Abstract: Automated leaf disease classification is critical for early disease detection in resource-constrained field environments. Vision Transformers (ViTs) provide strong representation capability by modeling long-range dependencies and inter-class relationships; however, their high computational cost makes them impractical for deployment on edge devices. As a result, existing approaches struggle to effectively transfer these rich representations to lightweight models. This paper introduces AgriKD, a cross-architecture knowledge distillation framework for efficient edge deployment, which transfers knowledge from a Vision Transformer (ViT) teacher to a compact convolutional student model. To bridge the representational gap between Transformer and CNN architectures, the proposed approach integrates multiple distillation objectives at the output, feature, and relational levels, where each objective captures a different aspect of the teacher knowledge. This enables the student model to better preserve and utilize transformer-derived global representations. Experiments on multiple leaf disease datasets show that the distilled student achieves performance comparable to the teacher while significantly improving efficiency, reducing model parameters by approximately 172 times, computational cost by 47.57 times, and inference latency by 18-22 times.

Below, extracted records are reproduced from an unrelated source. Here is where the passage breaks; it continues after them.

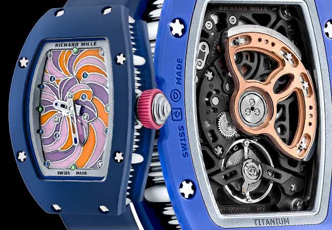 RICHARD MILLE Bonbon系列腕錶在呈獻大膽先鋒造型的同時,還忠實延承了之前款式的特點。首先是顏色:品牌正不斷拓展其色彩的疆域。多種材質的運用逐漸成為品牌特色,乃至獨家專有的技藝;品牌得以定期推出綠色、酒紅色、黃色或粉紅色的腕錶設計。
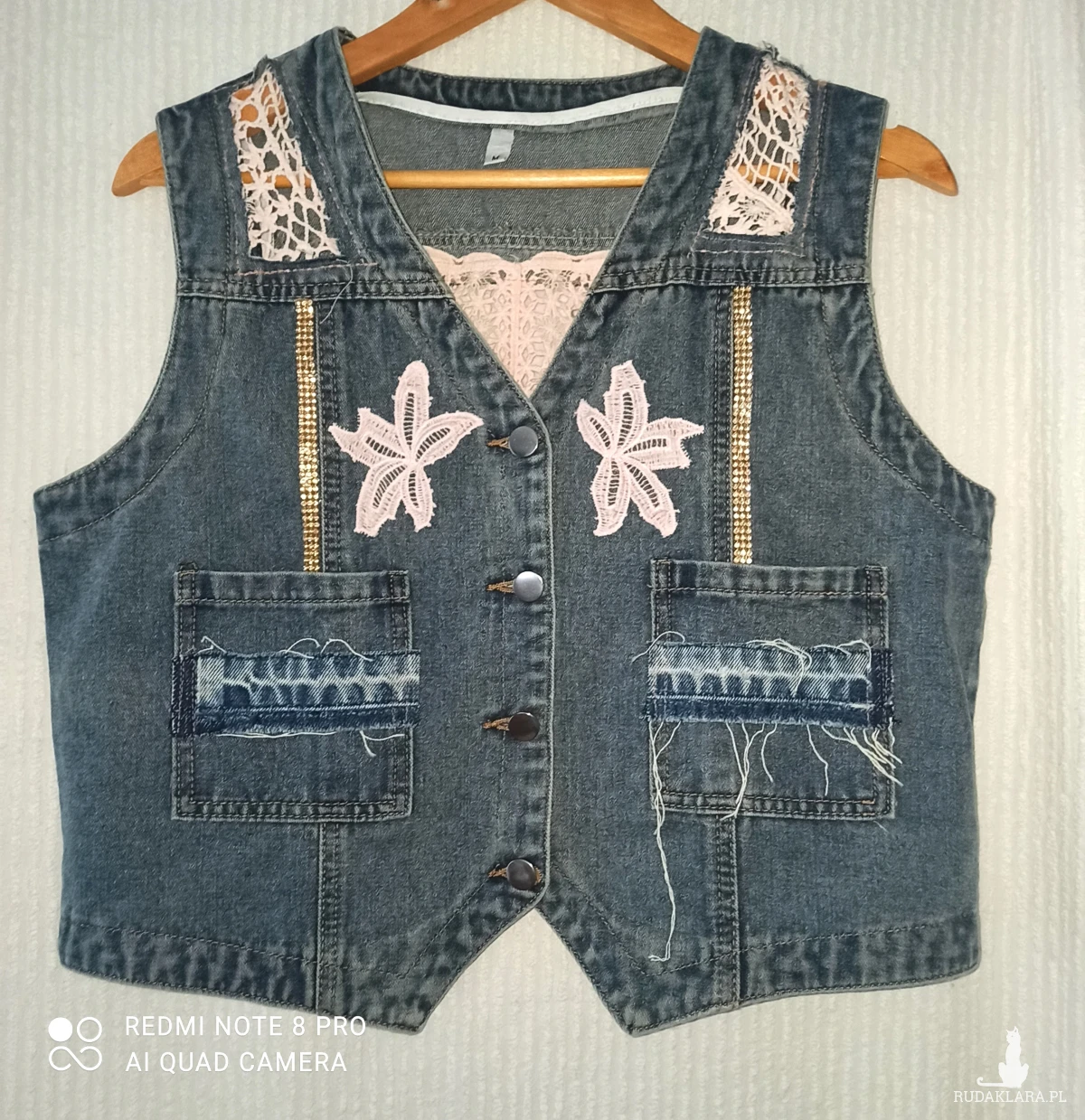 Kamizelka  jeansowa rozmiar M ręcznie ozdobiona, kolor niebieski. Do zdobienia wykorzystałam bawełniany haft, jeans, taśmę połyskującą. Zdobienia wykonane metodą patchworkową. Przód delikatnie zdobiony haftem, taśmą połyskującą i kieszonki postrzępionym jeansem. Zapinana na 4 metalowe guziczki.Tył z prześwitującą wstawką. Zastosowana kolorystyka jest spokojna ale w całości elementy dają efekt WOW! Element odzieży, który można zestawić ze spódniczką, spodniami, t-shirtem, koszulą. Jedyny taki. Długość 46 cm, szerokość 53 cm/mierzona pod pachami/. Polecam!
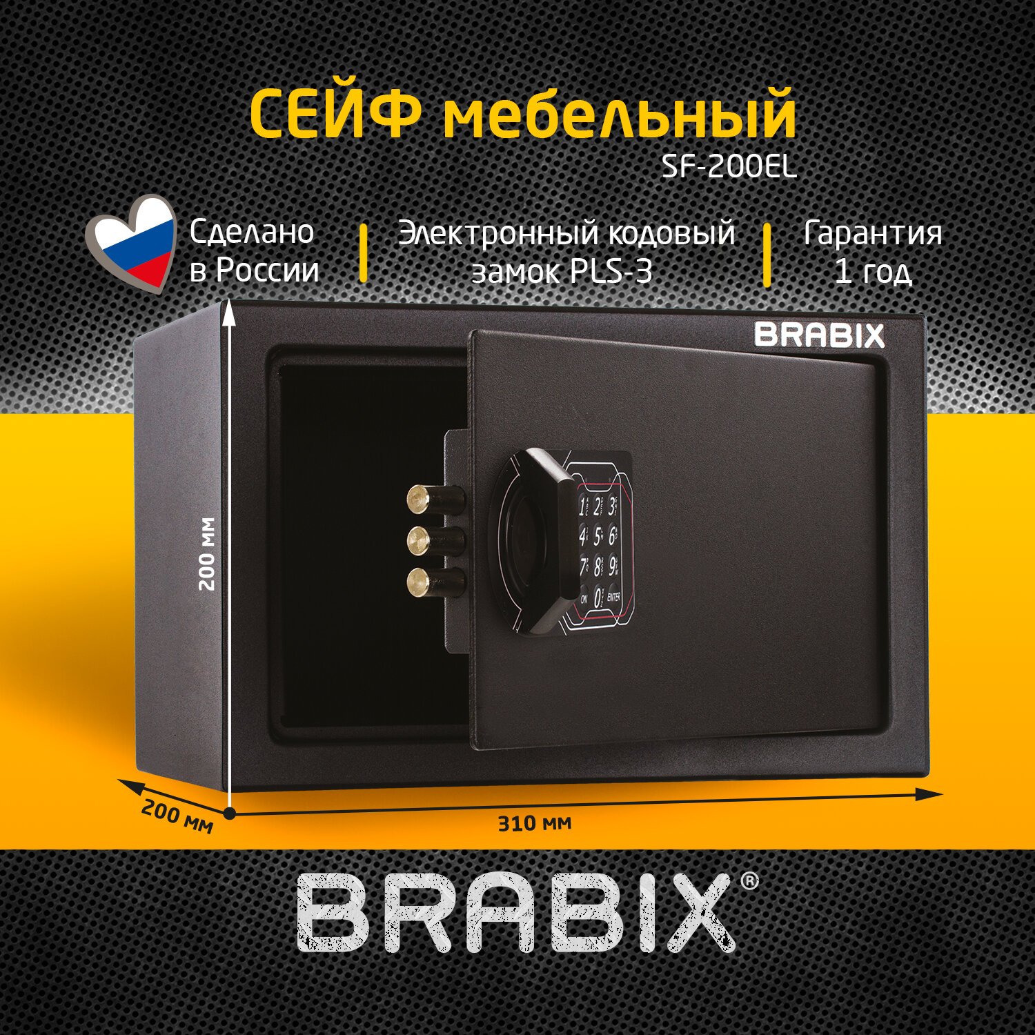 Сейф мебельный BRABIX "SF-200EL", 200х310х200 мм, электронный замок, черный, 291145, S103BR211214
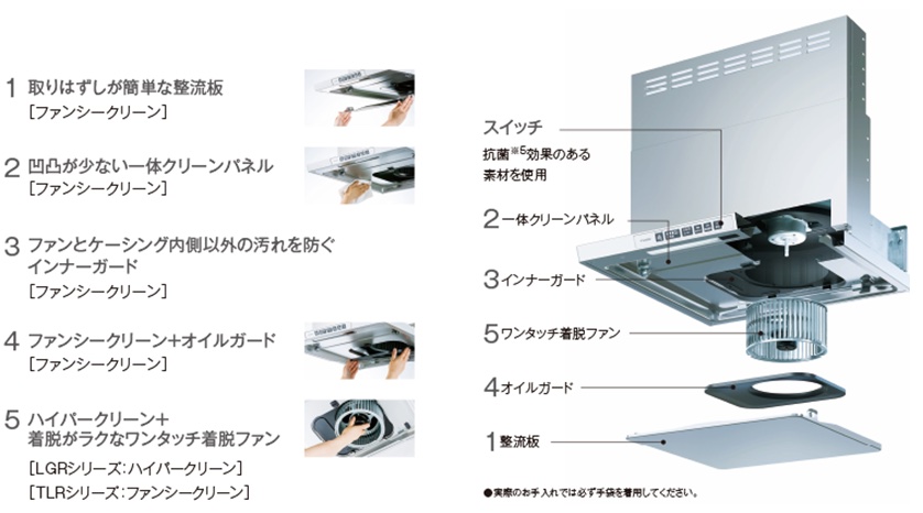 富士工業の換気扇は、毎日のお手入れをできるだけ簡単にできるように工夫されたつくりになっています。
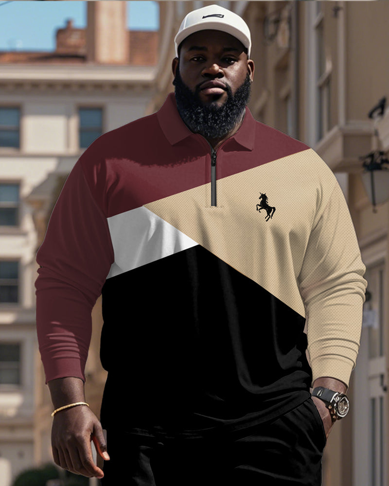 Men's Simple Wine Red Khaki Black Color Block Printed Zipper Polo Shirt Trousers Suit
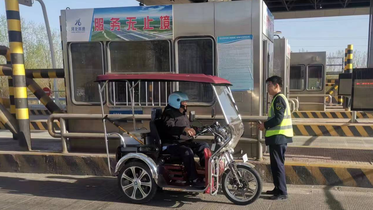 4月12日上午8時(shí)左右,三河南收費(fèi)站發(fā)卡員發(fā)現(xiàn)一位騎著電動(dòng)三輪車的老人誤入了003車道,情況緊急,立即通過(guò)對(duì)講知了當(dāng)班班長(zhǎng)。班長(zhǎng)接到通知后,第一時(shí)間趕到現(xiàn)場(chǎng),疏導(dǎo)員也立即行動(dòng),攔截了后方駛來(lái)的車輛,確保了老人的安全。
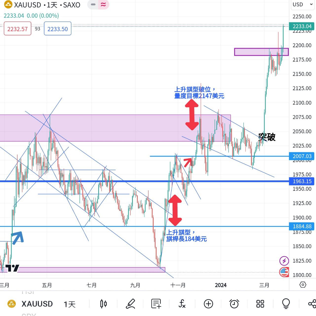 金价月内3度刷新高,牛气冲天。黄金迎来2024完满的第一季表现,在3月份的4个星期中,有3个星期刷出历史新高,尽管每次刷新高后出现过震荡回吐,但每次回吐不会超过两个交易日,便又再向上爬升,走势凌励,落错车恐怕亦难以再上车。上周市场开始步入复活节假期,但无减市场投资气氛,在憧憬环球减息期临近,所有资产价格已步入热炒期,在虚拟货币率先爆上及瑞士央行意外提早减息后,可谓将这炽热市场再耍上滚油,资金轮流炒落后,辗转不同市场板块,金价对比旧年底高位,升幅可算不大,相对日经美股等,金价较为落后,令季结前,金价受到青睐,上周黄金日线图全以阳烛收市,并且在周四获得更大动力爬升,直升至收市前仍创新高,技术上,虽有超买讯号,但却未有见顶迹象。周五晚PCE恰如预期,通胀未有恶化,亦难以扭转金价涨势。展望本周,劳工数据将为金价升势带来考验,近期劳工市场仍算相当旺盛,若未见非农回落,美联储仍有可能较长时间维持息口不变,从而打压金价升势。市况点睇,不妨互相参考一下。
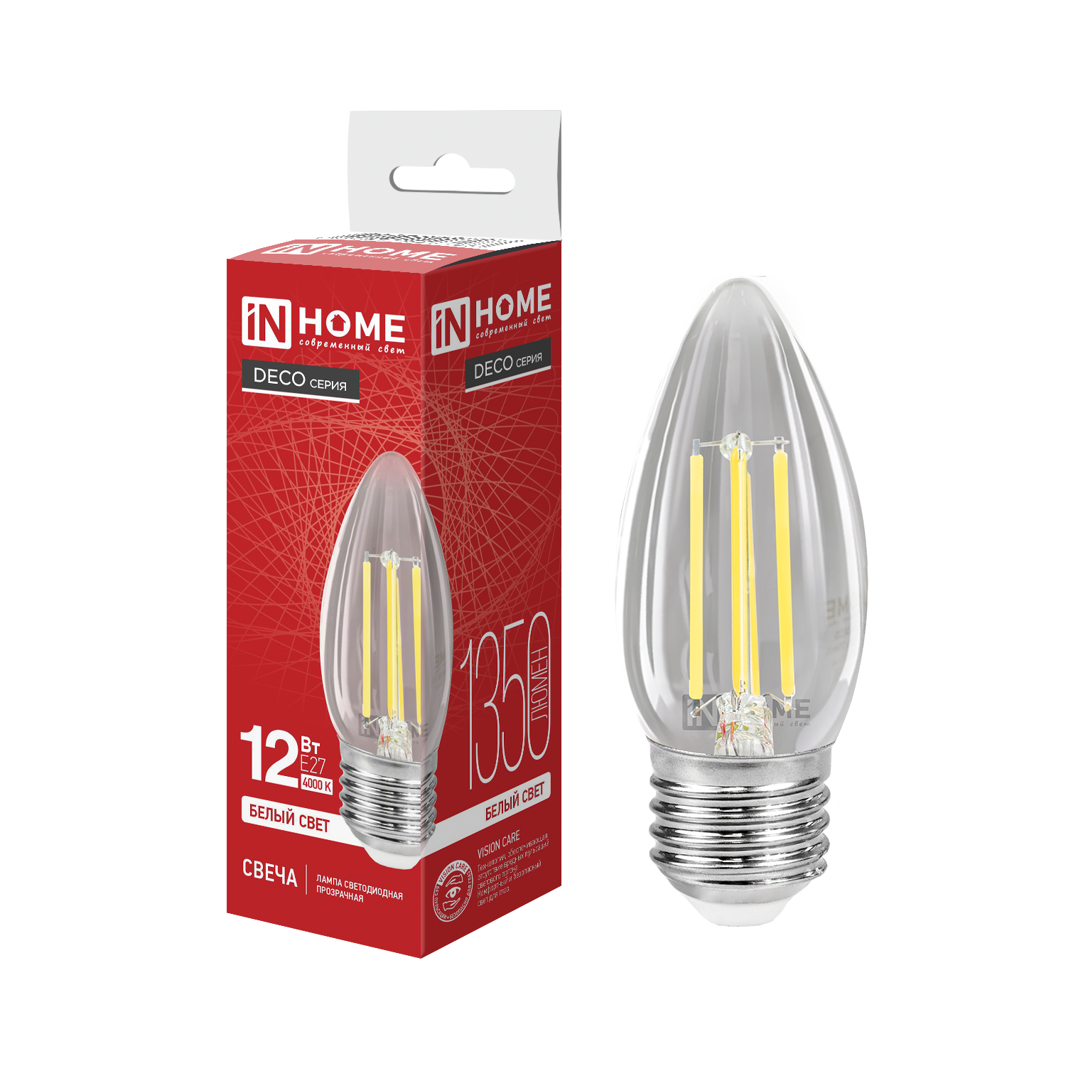 Лампа светодиодная LED-СВЕЧА-deco 12Вт 230В Е27 4000К 1350Лм прозрачная IN HOME
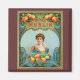 Arte retrógrada para o Royal Muslin, que inclui uma mulher em trajes vitorianos e ramos de maçãs e peras num fundo de deco artístico
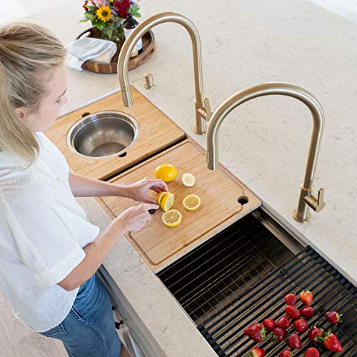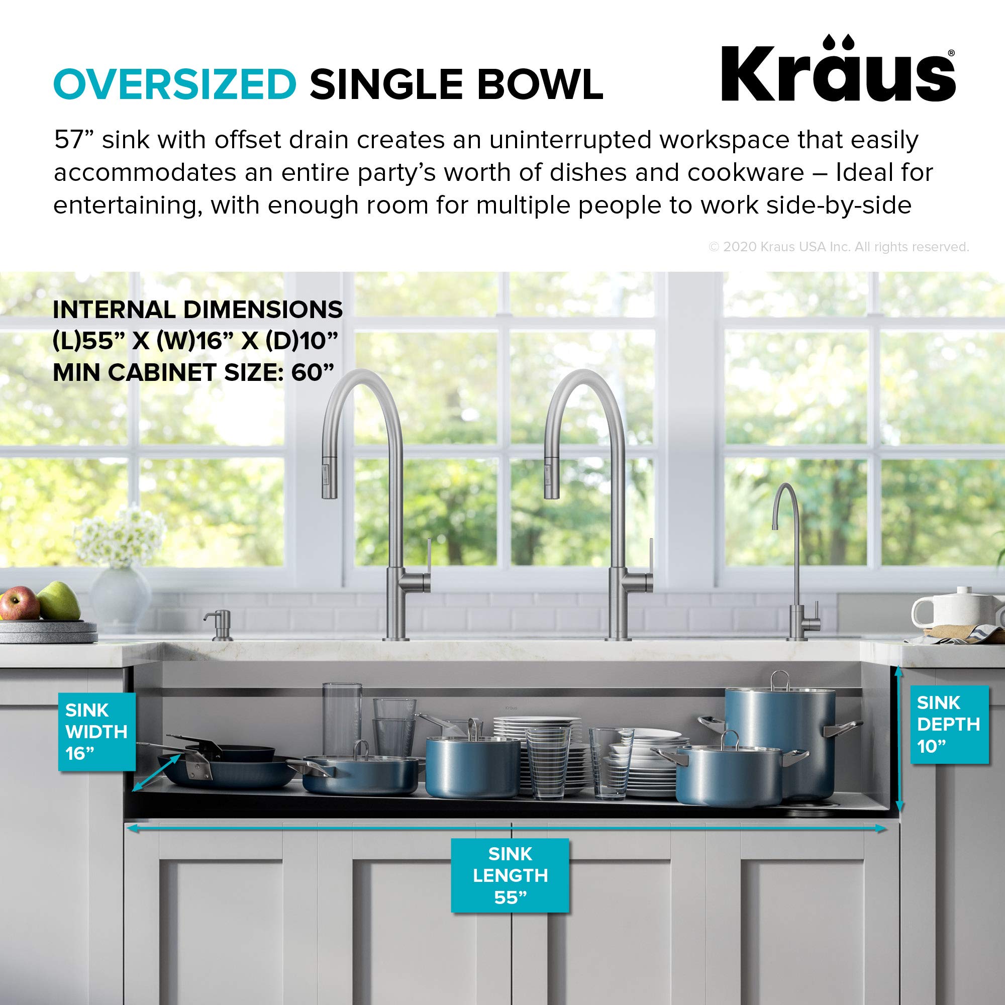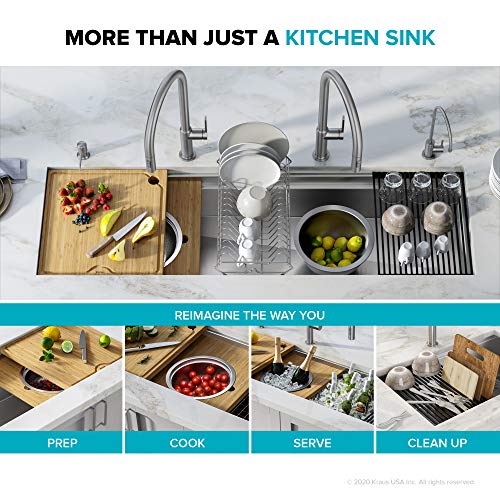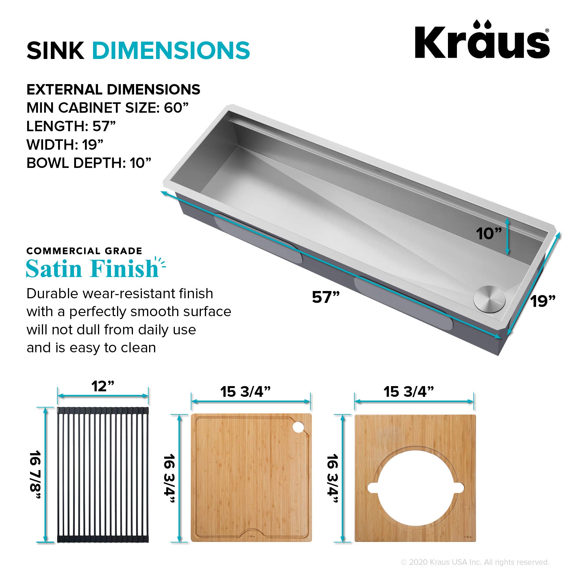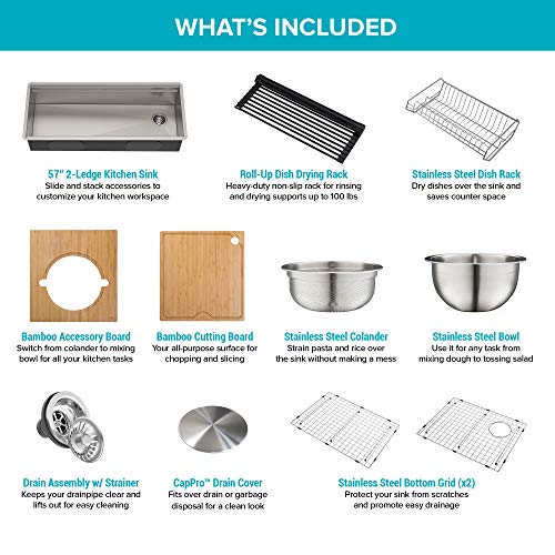Discover a whole new way to cook, serve, and entertain with the 57” Kore™ Workstation Sink. An innovative 2-tier ledge system allows you to slide accessories across the sink on two levels, doubling your workspace and streamlining all your kitchen tasks from meal prep to cleanup. The heavy-duty sink comes with a chef’s kit of 10 premium accessories that includes a solid bamboo cutting board, serving board set with mixing bowl and colander, stainless steel dish rack, and multipurpose roll-up drying mat that allow you to work right over the sink without taking up counter space. This high-performance sink is made with KRAUS TRU16 – the thickest stainless steel on the market – for uncompromising industrial-grade durability. Undermount installation creates a seamless transition between sink and countertop, with no exposed mounting deck to trap food and debris. The oversized 57” single bowl with offset drain creates an uninterrupted workspace that easily accommodates an entire party’s worth of dishes and cookware, and offers enough room for multiple people to work side-by-side. A sloped bottom with channel grooves drives water toward the drain to allow for complete drainage. The installation-ready package includes all required mounting hardware, a premium stainless steel drain assembly with decorative cover, and two heavy-duty bottom grids to protect your investment. Ideal for single or double faucet installation, this sink pairs perfectly with Kraus Oletto™ High-Arc Kitchen Faucets (KPF-2821) for a stunning kitchen design with pro-chef functionality

Furthermore, the optimized model is deployed across multiple runtime formats, including ONNX, TFLite Float16, and TensorRT FP16, achieving consistent predictive performance with negligible accuracy degradation. Real-world deployment on NVIDIA Jetson edge devices and a mobile application demonstrates reliable real-time inference, highlighting the practicality of AgriKD for AI-powered agricultural applications in resource-constrained environments.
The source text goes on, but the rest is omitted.